Ans. Dream Children are the children who live in the world of dreams and fancy, reverie - a day dream. Everyone likes to loiter in the world of dreams and hopes to get what he cannot get otherwise Lamb is ardently desiring in his dreams that he gets married to the woman he loves and that children have been born to him, whom he narrates the story of his grandmother, his dearest brother John Lamb and his beloved Alice Winterton. But his hope vanishes off as, in the end, these shadowy children vanish into thin air. Lamb indulges in wish-fulfilment through a reverie.

Though Lamb roams around in a kind of day dream. the essay does not have an incoherent pattern. On the contrary, it has a well-knit sequence that the readers seldom get in any other story. The most striking feature in the essay is the absence of any paragraph-division. It is composed of a number of separate and separable parts. Dream Children is a completely and complexly written essay, in which dream-pattern weaves the different reminiscences into a coherent whole. In a dream. different reminiscences flow spontaneously and naturally making a round whole at the end. Likewise Dream Children is not divided into paragraphs.

Lamb recollects the golden days of yore and tells his dream children the stories of his affectionate grandmother, Mary Field. who lived alone in a haunted house at Norfolk. A tall, upright and gracious lady. Mary Field, was very kind and tender-hearted and loved her grandchildren. very much. During vacations Lamb and his elder brother John used to spend some days with their grandmother. The lonely gardens and empty house became lively with the joy of the children.

Lamb could never forget the loss of his elder brother John throughout his life, so, it is very normal that he would tell his children about him. John was a handsome and spirited youth who never moped about in the solitary corners of rooms and gardens and liked to ride on a spirited horse over the countryside in the morning. Like a real elder brother. John. loved his younger brother, Charles, so much that once he carried him many a mile on his back when he became lame. But Lamb's wonder world was devastated all of a sudden when John died a tragic and premature death.

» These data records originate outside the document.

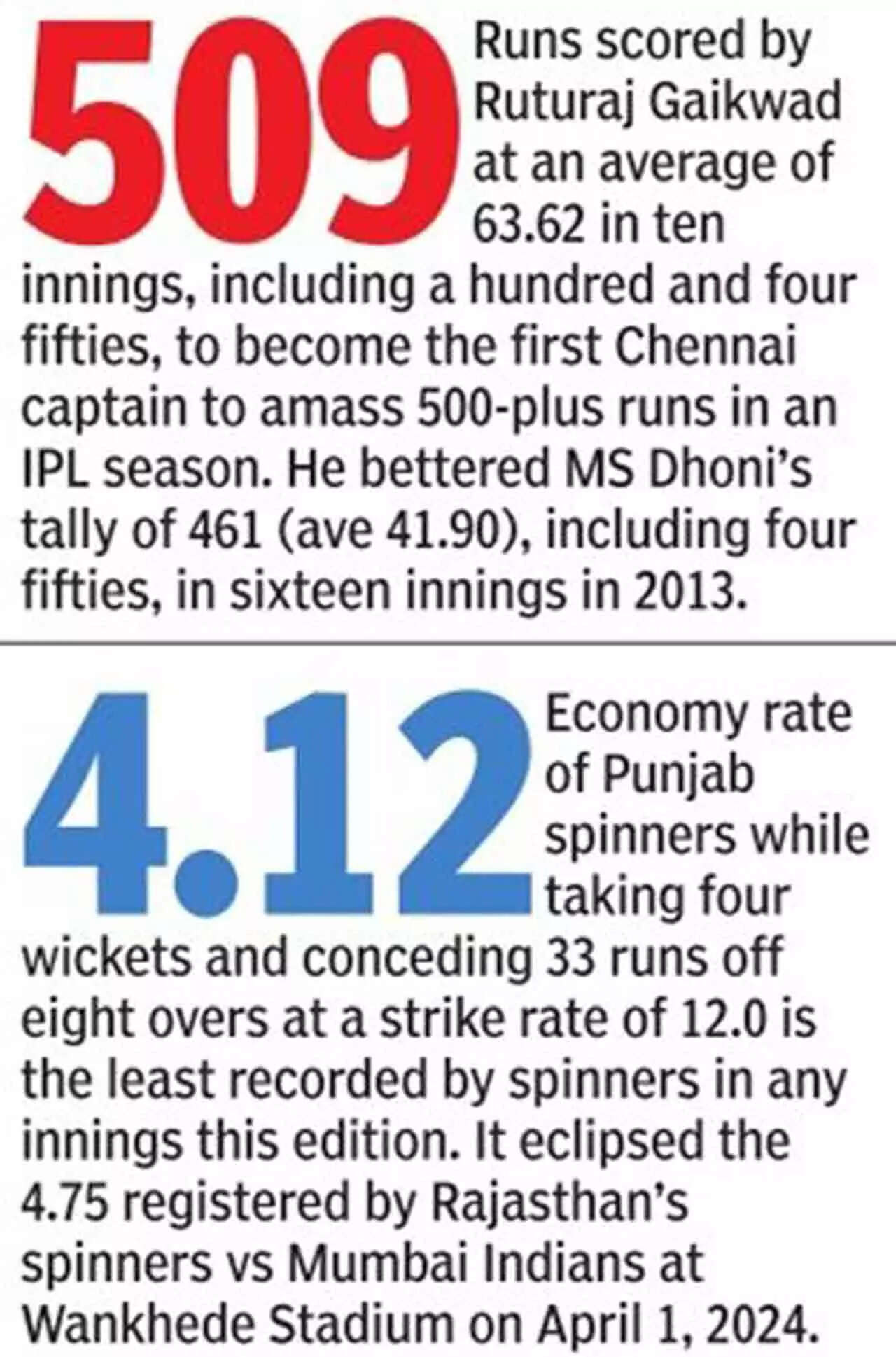 Ruturaj stitched a 64-run stand with his opening partner Rahane, but their partnership hardly troubled Punjab barring the last phase of the Powerplay.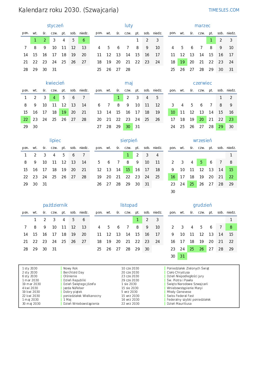 10 cze 2030 Poniedziałek Zielonych Świąt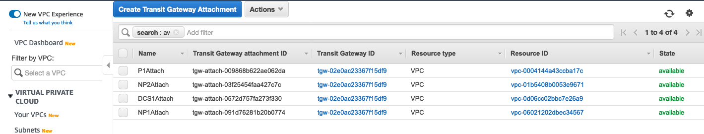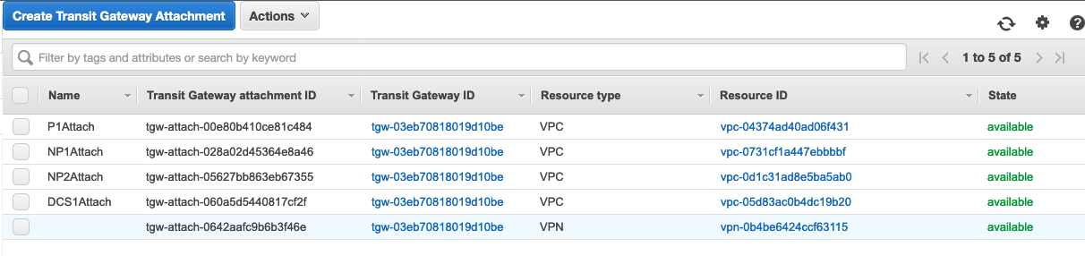 您将看到列出的VPC attachment, 已经连接到了 Production VPC1, Non-Prod VPC1, Non-Prod VPC2, 及 DataCenterService VPC.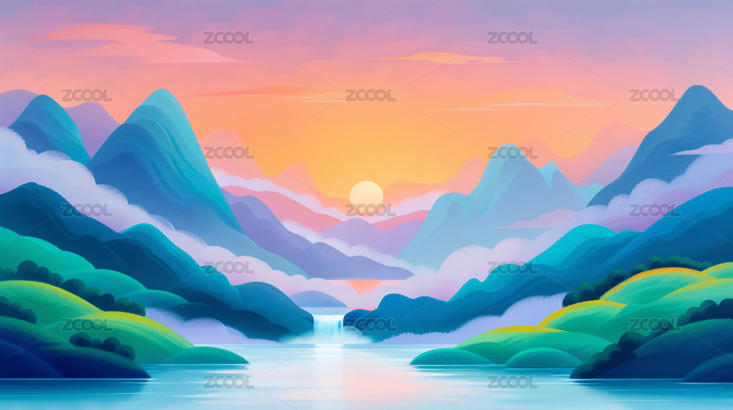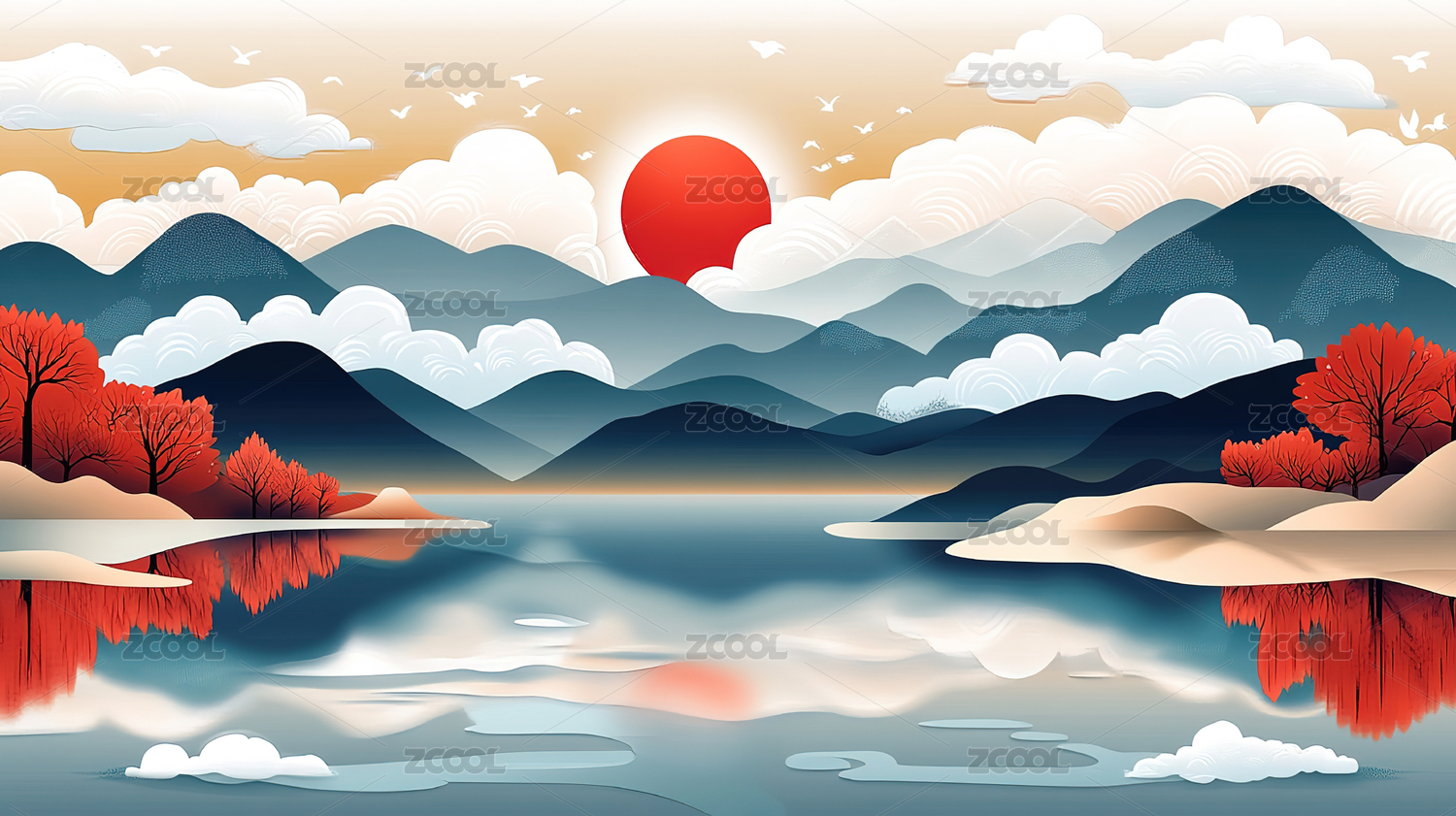 中国风彩色山水矢量插画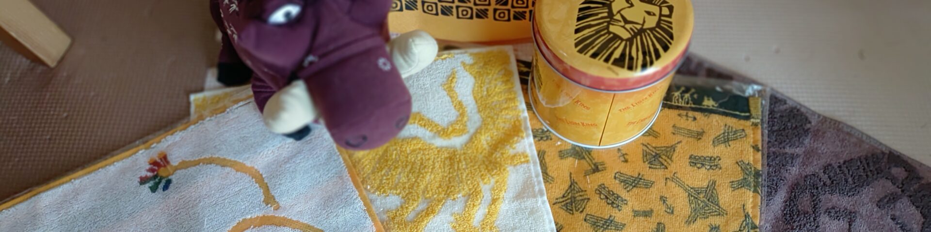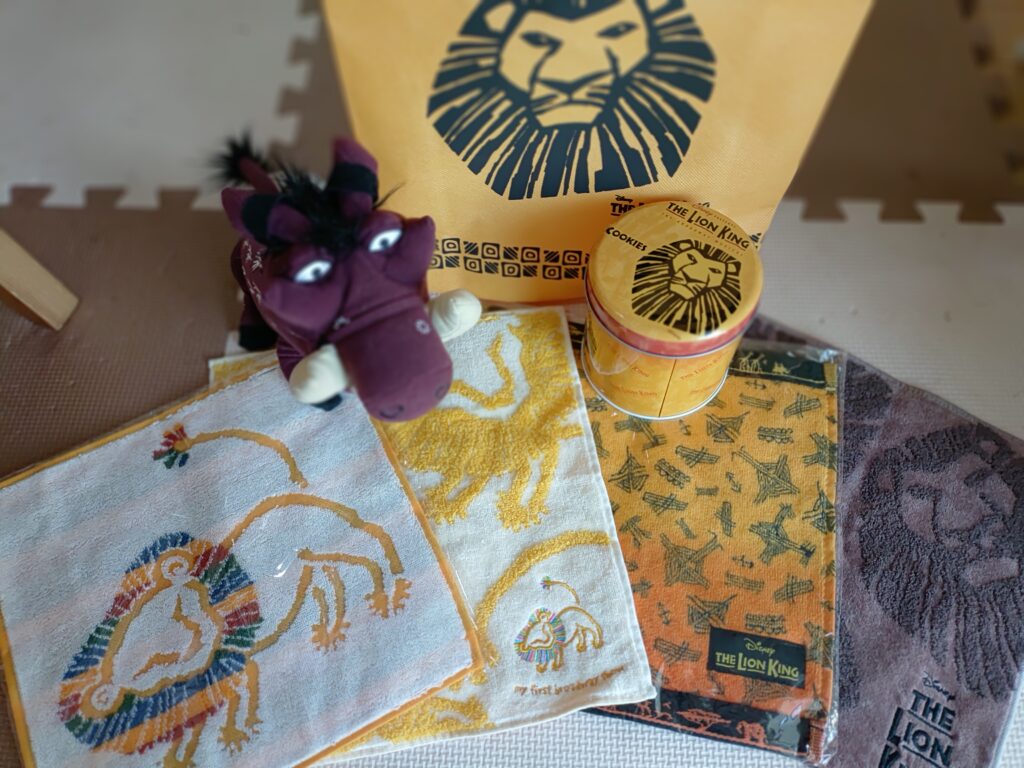 劇団四季ライオンキングはなんと、27周年なんだそうです。長い。ステキなグッズがたくさん並んでおりましたが、我々は、ハンドタオルとクッキー缶とチャームと、あとなんと、息子氏はちゃっかりプンバァのぬいぐるみをばぁばに買ってもらっていた。何ぃっ!

Lamb, lastly, took his children to the world of love and fancy. Lamb could not forget his adolescent love and this overwhelming love relationship which lasted for seven long years, became a topic of his discussion Lamb suddenly feels that his dream children become fainter and fainter and the castle he has built in the air shatters in front of him. His sweet heart Alice's children belong to Bartrum who is their father. Life outside is simple and unaffected like Hardy's Nature, unaware and uninterested about the sorrows and sufferings of human being. Lamb's sister Bridget represents this notion as she remains unaffected by what Lamb is dreaming. Lamb is thus harked back to reality as his creative world is shattered. The comparison between Keats' Ode to Nightingale and Lamb's Dream Children becomes inevitable as both the works unfold a poignant moment which has been transmuted into a tenderly pathetic reverie. The loneliness of human life creates a retrospective melancholy and Lamb's unique blending of humour and pathos inspires his readers with the intensified vision of the wistful lustre of life.